Recurrent and reciprocal copy number variations (CNVs) pose a substantial risk for neurodevelopmental and neuropsychiatric disorders. One example of such CNVs is recurrent deletion and duplication of an ~ 743 kb genomic segment of chromosome 16p11.2, which consists of an ~ 593 kb unique segment encompassing 27 protein-coding genes and an ~ 150 kb flanking segmental duplication encompassing 4 protein-coding gene paralogues. 16p11.2 deletion and duplication have been associated with intellectual disability, autism spectrum disorder, schizophrenia, and an array of anthropometric traits, including obesity. However, how copy number variants at this locus cause these effects is not well understood. To address this challenge, we conducted a multi-omics study, performing transcriptome profiling of 350 samples from three brain tissues (cerebellum, cortex, striatum) and three non-brain tissues (brown fat, liver, white fat) in 16p11.2 mouse models harboring the syntenic 7qF3 CNVs, as well as transcriptional and cellular profiling of 54 isogenic human neural stem cell, induced neuron and cerebral organoid models of CRISPR/Cas9 engineered 16p11.2 CNVs. Our main findings are summarized as below:

1)         16p11.2 deletion and duplication disrupted both tissue-specific and shared biological pathways.

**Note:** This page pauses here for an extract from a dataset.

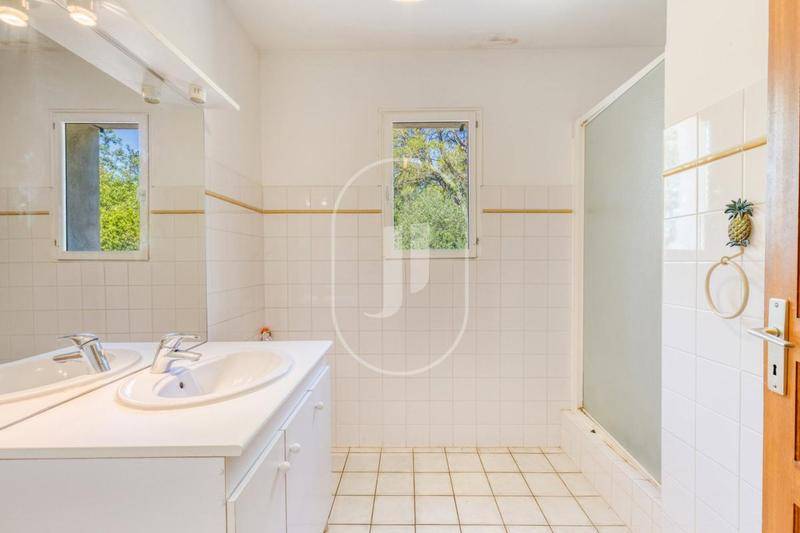 MAISONCe domaine rare à vendre près de Lorgues s’épanouit dans un écrin de nature préservée, au cœur de six hectares de parc harmonieusement paysagé. Chaque arbre, chaque sentier semble avoir été placé avec soin, offrant des vues imprenables sur les collines et paysages aux alentours. Deux villas au charme singulier s’y dressent, alliant authenticité et raffinement. La maison principale, d’environ 240 m² sur deux niveaux, séduit par sa lumière et ses matériaux nobles. Le vaste séjour de 60 m², orienté plein sud, s’ouvre sur une terrasse dominant la piscine. L’atmosphère y respire l’art de vivre méditerranéen : un insert réchauffe le salon, la cuisine au charme provençal se distingue par son évier en marbre et son four à pizza niché dans la pierre. Une pièce attenante, modulable en atelier ou salon d’hiver, complète cet espace convivial. À l’étage, une chambre avec accès terrasse et salle d’eau habillée de carreaux de Salernes signés Alain Vagh. En rez-de-jardin, trois chambres dont une somptueuse suite parentale avec double salle de bains aux teintes éclatantes. Bureau, buanderie et vaste garage de 70 m² complètent cet ensemble autant fonctionnel qu’inspirant. À l’extérieur, la piscine au sel, chauffée et équipée d’un volet solaire, invite à la détente dans un cadre paisible. Plus loin, la seconde villa d’environ 100 m², esprit loft, séduit par sa charpente culminant à plus de 4 mètres, sa cuisine ouverte, son poêle à bois et ses volets coulissants en bois brut. Deux chambres se partagent une salle d’eau, tandis qu’une échelle de meunier mène à un grenier aménageable en dortoir, idéal pour les enfants. Conçue dans ses moindres détails, la propriété allie charme et autonomie : alimentée par l’eau de ville, elle dispose aussi d’un forage de 100 mètres et d’un réservoir tampon. Le chauffage associe pompe à chaleur et insert, garantissant confort et performance énergétique. Les extérieurs complètent ce cadre d’exception : deux box à chevaux, annexes prêtes à être aménagées en chambres d’hôtes, abri bois, atelier, espace de rangement, un garage à vélos et un boulodrome.Grâce à notre partenariat exclusif avec Knight Frank, leader mondial de l’immobilier de prestige, Janssens Immobilier offre à chaque propriété une visibilité internationale exceptionnelle. Cette alliance renforce notre expertise locale par la puissance d’un réseau présent dans plus de 50 pays. Les informations sur les risques auxquels ce bien est exposé sont disponibles sur le site Géorisques : (Lien supprimé) Conformément à la réglementation en vigueur, la surface DPE de ce bien est établie sur la base d’un mesurage normé de la surface habitable. Ce mesurage peut différer de la surface totale mesurée avec précision par nos équipes commerciales.

2)         16p11.2 CNVs caused shorter neurites and reduced electrical activity in human cellular models.

3)         Single-cell RNA sequencing characterization of human cerebral organoids revealed an altered cellular composition with an excitatory/inhibitory imbalance.

Overall, these findings suggested that the effects of 16p11.2 CNVs on genome-wide gene expression and cellular function are highly dependent on the variant dosage and cellular context.